Published:02/22/2013   Last Updated:02/22/2013

Best Known Method

To help the compiler generate better vector code, sometimes it helps to decompose complex data structures to allow the compiler to understand the available parallelism and vectorize the code.  Vectorizing critical kernels is recommended for improving performance generally but is particularly important when targeting the Intel® Xeon Phi Coprocessor.  Decomposing data accesses may allow the compiler to use more advanced features like vector gather and scatter. Though adjacent data elements are preferred in order to maximize the performance advantage of vector loads and stores, sometimes the requirement to access data through indices is unavoidable.  Though use of vector gathers and scatters is generally slower than vector loads and stores, they can be beneficial if the amount of vector computation following the creation of the vectors is enough to offset the vector gather time. The compiler will generate vector gathers and scatters as needed, but sometimes it can be challenged by complex data structures. Showing the compiler how to access these complex data structures can help.

Original Code

This BKM originated with analysis of a Molecular Dynamics (MD) code. In MD codes, atom forces are typically maintained by three values: x, y, and z.  These force values are arranged in a position array that contains all atoms.

// atom forces
typedef struct float3 {
   float x;
   float y;
   float z;
} float3;
// position is an array of float3
float3* position; 

 Force calculations for a given atom are determined by its neighbor atoms.  For each atom, there is a list of neighbor atoms. To compute the forces for a given atom, this list is accessed to find all of its neighbors.

In the code segment below the position array, containing all of the atoms, is accessed by using an index in the neighList array.  The neighbors’ values are placed into the struct jpos. This is followed by calculations using the atom forces of this neighbor atom.
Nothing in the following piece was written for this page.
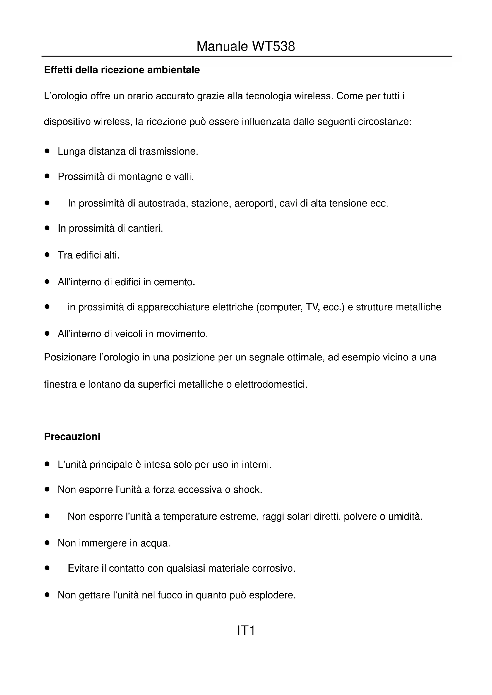Parte A – LCD positivo A1: Icona TempoDST A2: Icona radiocontrollo A3: Ora A4: Data e sveglia A5: GiornoManuale WT538 IT5 A6: Temperatura interna Parte B – Tasto posteriore e alimentazione B1: Finestra di proiezione B2: Tasto proiezione (ON/OFF) B3: Tasto “SET” B4: Pulsante “ALARM” B5: Tasto “+” B6: Pulsante “-” B7: Tasto “WAVE” B8: Interruttore sveglia (ON/OFF) B9: Tasto rotazione proiezione B10: Jack ingresso per adattatore DC Parte C – Tasto SUPERIORE touch C1: Tasto ritarda/luce Funzioni: Orologio DCF-77 radio controllato Formato 12/24 ore Regolazione zona oraria (± 12h) Impostazione manuale dell’oraManuale WT538 IT6 Proiezione ora Mostra data e giorno della settimana (7 lingue) Temperatura in °C o °F a scelta Funzione sveglia e ritardo automatico intervallo di misurazione interna: -9,9°C~49,9°C Alimentazione: Adattatore DC (incluso), batteria 1,5V “AAA” LR03 x 2 pezzi (non inclusa) Funzionamento iniziale Collegare il cavo di alimentazione in dotazione con la spina posteriore. In alternativa è possibile usare delle batterie. Aprire lo sportello dello scomparto batterie dell’orologio. Inserite 2 batterie di tipo AAA rispettando la polarità [i segni “+” e “–”]. Una volta inserite le batterie, tutte le icone del display LCD si accendono per 3 secondi, si sente un bip, e l’orologio rileva la temperatura interna. Poi l’orologio entra in modalità di ricezione del segnale orario radio controllato. Funzione di proiezione: La proiezione continua è possibile solo quando si usa il cavo di alimentazione. Premere il pulsante di rotazione proiezione (sotto il pulsante "+") per cambiare la proiezione.Manuale WT538 IT7

181    for (int k=0; k<dis; k++){

183        jpos = position[ neighList[j*dis + k + maxNeighbors * i] ];

192        float delx = ipos.x - jpos.x;
193        float dely = ipos.y - jpos.y;
194        float delz = ipos.z - jpos.z;
195        float r2inv = delx*delx + dely*dely + delz*delz;

The following is a portion of the assembly code generated for the above code segment. It shows that the position array elements are accessed one at a time even though vector instructions are being used. The neighList is accessed is get the index for the position array (line #183).  This index is loaded into register %rax. Each of the three adjacent elements of position indexed by %rax, x, y, and z, are loaded from memory separately at the vsubps subtraction instructions (line #192, #193, #194). Notice the {1to16} instruction modifier on the vsubps instruction indicating a broadcast of a single data value into all 16 elements of the source vector for the subtraction. All subsequent computations are completed as scalar operations even though vector instructions are used.
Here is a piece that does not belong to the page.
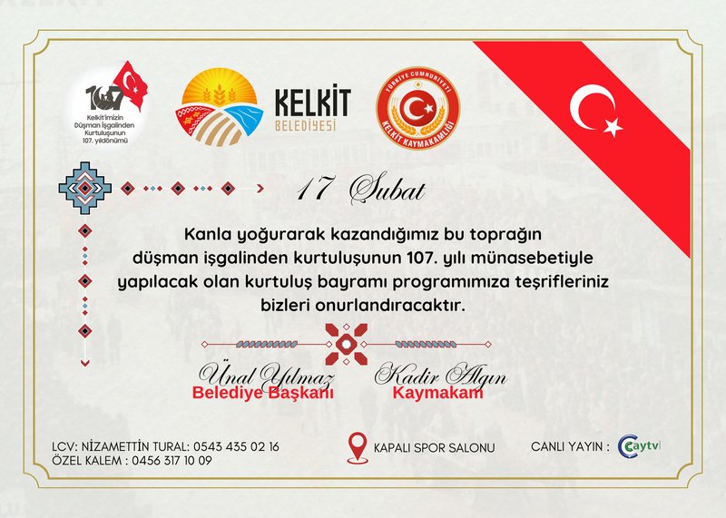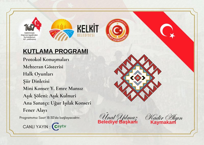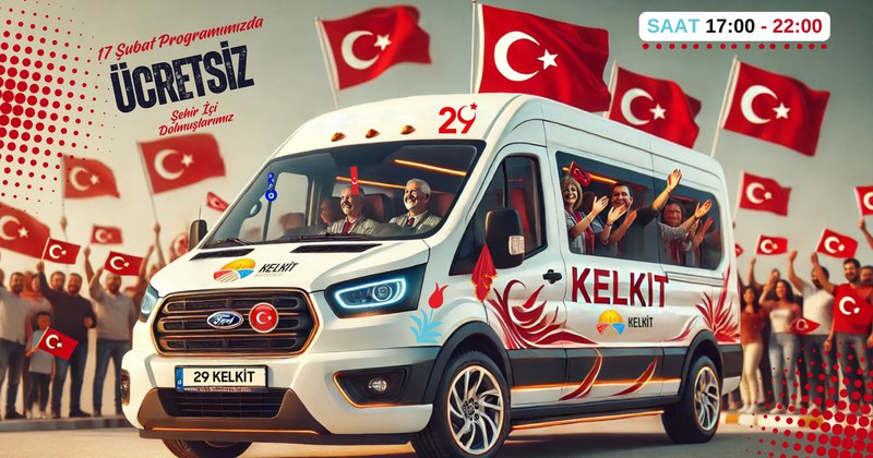 Ulaşım: Kelkit Belediyesi, programa kolay ulaşımı için 17:00-22:00 saatleri arasında dolmuşları ücretsiz olarak hizmetinize sunacaktır.

    movl      8(%r14,%r15,4), %eax                          #183.30 c1
    movslq    %eax, %rax                                    #183.21 c3
    shlq      $4, %rax                                      #183.21 c5
    vsubps    (%rax,%rbx){1to16}, %zmm19, %zmm28{%k4}       #192.28 c8
    vsubps    4(%rax,%rbx){1to16}, %zmm18, %zmm27{%k4}      #193.28 c10
    vsubps    8(%rax,%rbx){1to16}, %zmm22, %zmm26{%k4}      #194.32 c12
    vmulps    %zmm27, %zmm27, %zmm0{%k4}                    #195.41 c14
    vmovaps   %zmm28, %zmm1                                 #195.53 c16
    vmovaps   %zmm26, %zmm2                                 #195.53 c18
    vfmadd213ps %zmm0, %zmm28, %zmm1{%k4}                   #195.53 c20
    nop                                                     #195.53 c22
    vfmadd213ps %zmm1, %zmm26, %zmm2{%k4}                   #195.53 c24

Improved Code

To improve performance, we would like the compiler to exploit vector memory accesses and vector instructions using full vectors rather than scalar values. After loading the neighbor values from the position array, there are many force calculations to be completed (not shown in the code segment). Ideally these calculations will be completed using the performance advantage of full vectors rather than scalar values.
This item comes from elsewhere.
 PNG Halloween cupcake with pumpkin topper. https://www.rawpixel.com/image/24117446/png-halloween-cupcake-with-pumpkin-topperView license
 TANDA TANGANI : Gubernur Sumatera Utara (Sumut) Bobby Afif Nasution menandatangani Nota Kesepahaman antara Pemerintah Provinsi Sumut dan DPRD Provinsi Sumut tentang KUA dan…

We note that the neighList is a sequential list of indexes that are used to access the position array. This is ideal for vector gathers.  The position array could be accessed using vector gather instructions, where the index is the vector of neighList that was just loaded.

Creating vectors for complicated data types like structs is a challenge for today’s compilers that will likely be addressed in the future.  For now, to help the compiler on this code, we recompose indexing the complex data type to explicitly access the individual data elements.  After this code change, the compiler is able to use vector gathers and fully vectorize the code. In the code below, the accesses to the elements in position array are made explicitly.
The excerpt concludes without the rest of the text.